Jade Dynasty (诛仙), also known as Jade Dynasty 1 and Zhu Xian, is a 2019 Chinese fantasy action film directed by Ching Siu-tung and starring Xiao Zhan, Li Qin, Meng Meiqi, and Tang Yixin. The film is adapted from Xiao Ding's eponymous novel. The film was released in China on September 13, 2019.

==Plot==
The film follows the story of Zhang Xiaofan, a kindhearted and pure village boy who is thrown into a world of chaos after his village gets massacred, and then becomes a disciple of the Qingyun Sect. Zhang Xiaofan learns martial arts from three masters and becomes a master of the mythical realm, while at the same time, experiencing a complicated relationship with three beautiful women, Lu Xueqi, Tian Ling'er, and Bi Yao.

==Cast==
- Xiao Zhan as Zhang Xiaofan
- Li Qin as Lu Xueqi
- Meng Meiqi as Bi Yao
- Tang Yixin as Tian Ling'er
- Qiu Xinzhi as Tian Buyi
- Cecilia Yip as Master Shuiyue
- David Chiang as Reverend Daoxuan
- Norman Chui as Reverend Cangsong
- Bryan Leung as Zeng Shuqiang
- Bao Xiaosong as Shang Zhengliang
- Chen Liwei as Reverend Tianyun
- Li Shen as Lin Jingyu

==Production==
The film was shot on locations in Beijing, Sichuan, Henan, and Hebei between October 16, 2018 and January 29, 2019.

==Reception==
The film topped the mainland Chinese box office on its day of release, grossing 142.22 million yuan.
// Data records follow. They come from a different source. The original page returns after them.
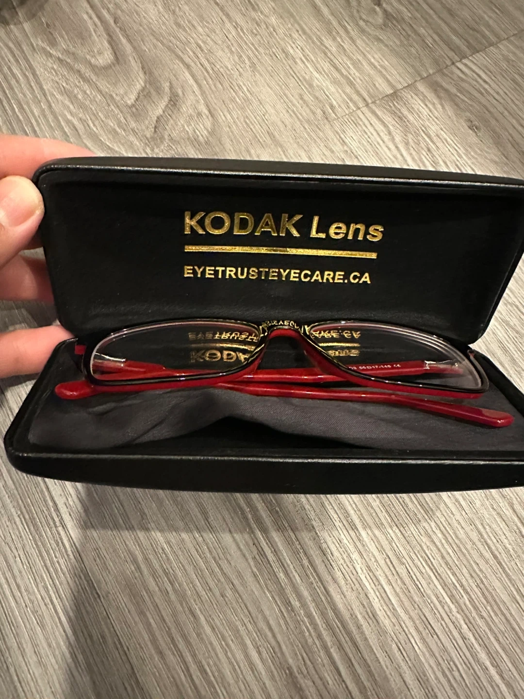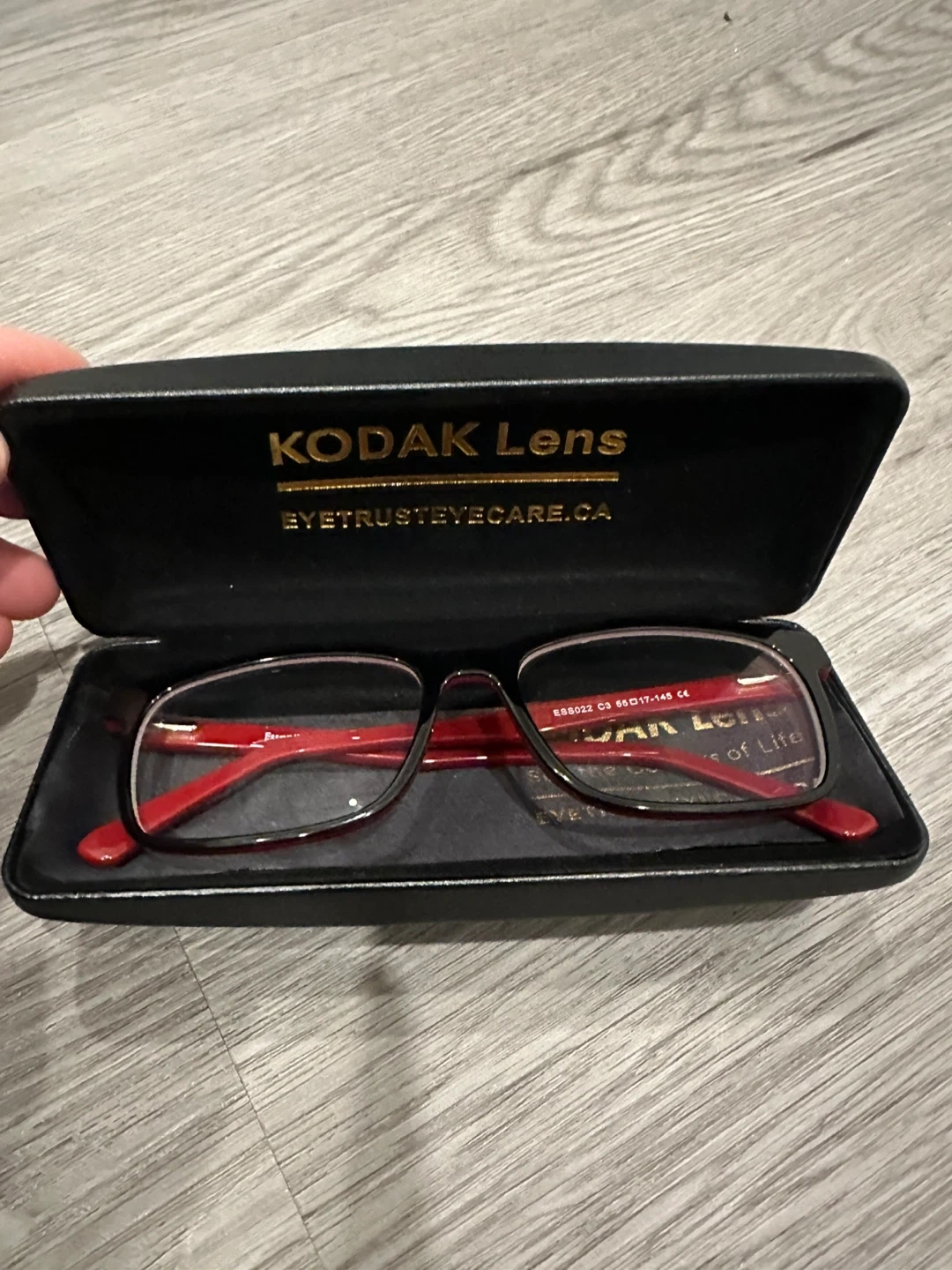 Selling a pair of Kodak eyeglasses. They come with a case for protection. The frames are a stylish red and black. Frame size: 55□17-145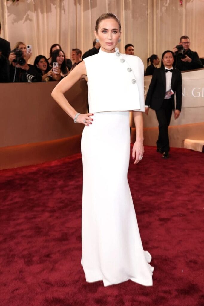 Emily Blunt opted for refined simplicity in Louis Vuitton, proving once again that restraint can be incredibly impactful. The clean silhouette and impeccable tailoring allowed the design to speak for itself. Styling remained classic and unfussy, which elevated the overall effect. It was timeless Oscars dressing executed with quiet confidence.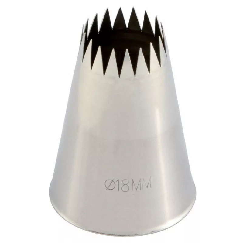 Csillagcső, 18 mm – Francia Csillag, Rozsdamentes AcélTegye különlegessé cukrászati alkotásait az 18 mm-es francia csillagcsővel. Rozsdamentes acélból készült, amely garantálja a tartósságot és a hosszú élettartamot. Az 18 mm-es csillagcső tökéletes eszköz nagyobb díszítésekhez, gazdag krémek és díszes minták létrehozásához tortákon, süteményeken és egyéb édességeken. A francia csillag forma lehetővé teszi a professzionális megjelenést minden desszertnél.Méretek és Súly: Cső átmérő: 18 mmAnyagok és Kialakítás: Anyag: Rozsdamentes acél, biztosítva a tartósságot és a hosszú élettartamot Kialakítás: Francia csillag forma a látványos és precíziós díszítéshezFőbb Jellemzők: Tartósság: Rozsdamentes acél anyag, amely ellenáll a gyakori használatnak és magas hőmérsékletnek. Látványos Díszítés: Ideális nagyobb krémek, torták és sütemények díszítéséhez. Könnyű Tisztítás: Egyszerűen tisztítható kézi mosással.Felhasználási Javaslatok: Ideális alkalmazások: Tökéletes torták, sütemények, krémek és egyéb édességek gazdag díszítéséhez. Karbantartás: Rendszeres tisztítás és szárítás javasolt, hogy megőrizze a cső éles szélét és formáját.Specifikációk: Cső átmérő: 18 mm Kialakítás: Francia csillag Anyag: Rozsdamentes acélKeresőcímkék: csillagcső, francia csillagcső, 18 mm csillagcső, rozsdamentes acél csillagcső, cukrászati díszítő cső, torta díszítő cső
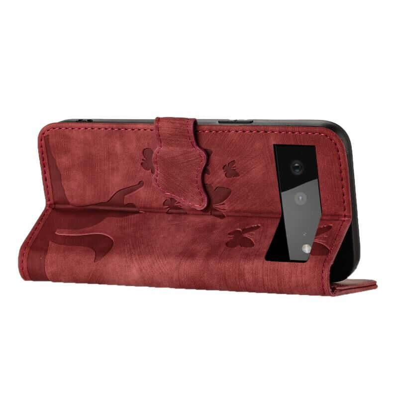 Θήκη τηλεφώνου από δέρμα με ανάγλυφο σχέδιο πεταλούδας και γάτας για Google Pixel 6 (Μωβ)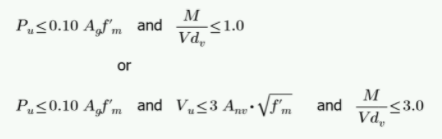Masonry Wall Panels with a Seismic Design Rule of “Special”, a shear span ratio (M/Vdv) ≥ 1, and an axial load ≥ 0.05f’mAn, shall be checked for a maximum reinforcement ratio equal to ρmax, calculated based on TMS 402 Equation 8-18: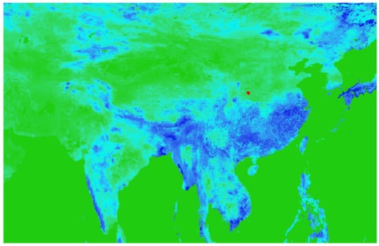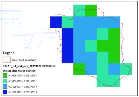 SMAP is an L-band satellite that can be used to observe soil moisture, launched by the National Aeronautics and Space Administration (NASA) in 2015 []. It has a combination of active and passive microwave sensors. Although the SMAP active radar is no longer available, its radiometer still provides highly accurate observations that can acquire surface 5 cm soil moisture data at spatial resolutions of 3 km, 10 km, and 40 km, and temporal resolutions of 1 to 3 days []. As the latest soil moisture monitoring satellite in orbit, the global soil moisture information provided by SMAP will make an important contribution to hydrometeorological studies and flood and drought prediction. The soil moisture data used in this paper were from the SMAP L4 product, which provides global 3-hour 9-km surface 5 cm soil moisture based on EASE-Grid 2.0. The global soil moisture data downloaded from the SMAP official website (Figure 2) were imported into ArcGIS for batch cropping to generate the corresponding raster data for the watershed above Chaiping (Figure 3), and the average soil moisture values of the watershed at each time were extracted as the data used for this assimilation.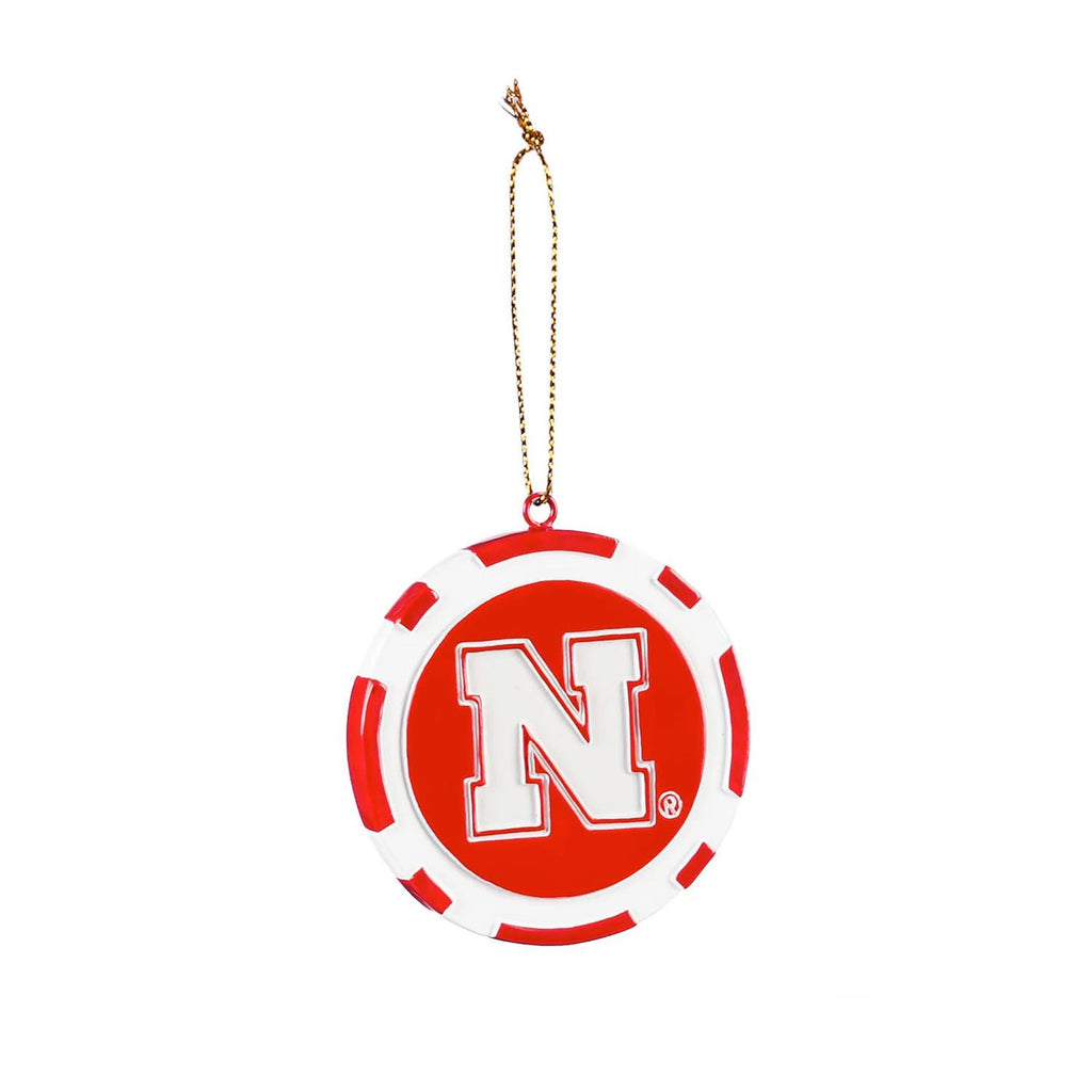 Celebrate your school spirit with this University of Nebraska Game Chip Ornament. Perfect for avid fans and alumni, this ornament is designed to resemble a poker chip with the iconic Nebraska logo, making it a unique addition to your holiday décor or any room throughout the year. Sized at 2.5 inches in diameter, it's crafted to hang easily on your tree or display stand. The vibrant red and white colors ensure it stands out, capturing the festive and spirited essence of Nebraska. Show your pride and add a touch of Husker spirit to your collection.

In Thailand, the Jade Dynasty broke the record of ticket sales for domestic films for the first time in 10 years.

==Soundtrack==

| No. | Title | Lyrics | Music | Singer | Length |
|---|---|---|---|---|---|
| 1. | "Love Knot (情意结)" | Zhou Xiaoyi | Wan Pin Chu | Zhou Shen |  |
| 2. | "Asking the Youth (问少年)" (Theme song) | Zhou Xiaoyi | Wan Pin Chu | Xiao Zhan |  |
| 3. | "Folding Flowers (折花)" (Promotional song) | Zhou Xiaoyi | Wan Pin Chu | Meng Meiqi |  |

==Release==
Jade Dynasty was slated for release on August 8, 2019 in China but was postponed to September 12, 2019. The release date was later shifted to September 13, 2019.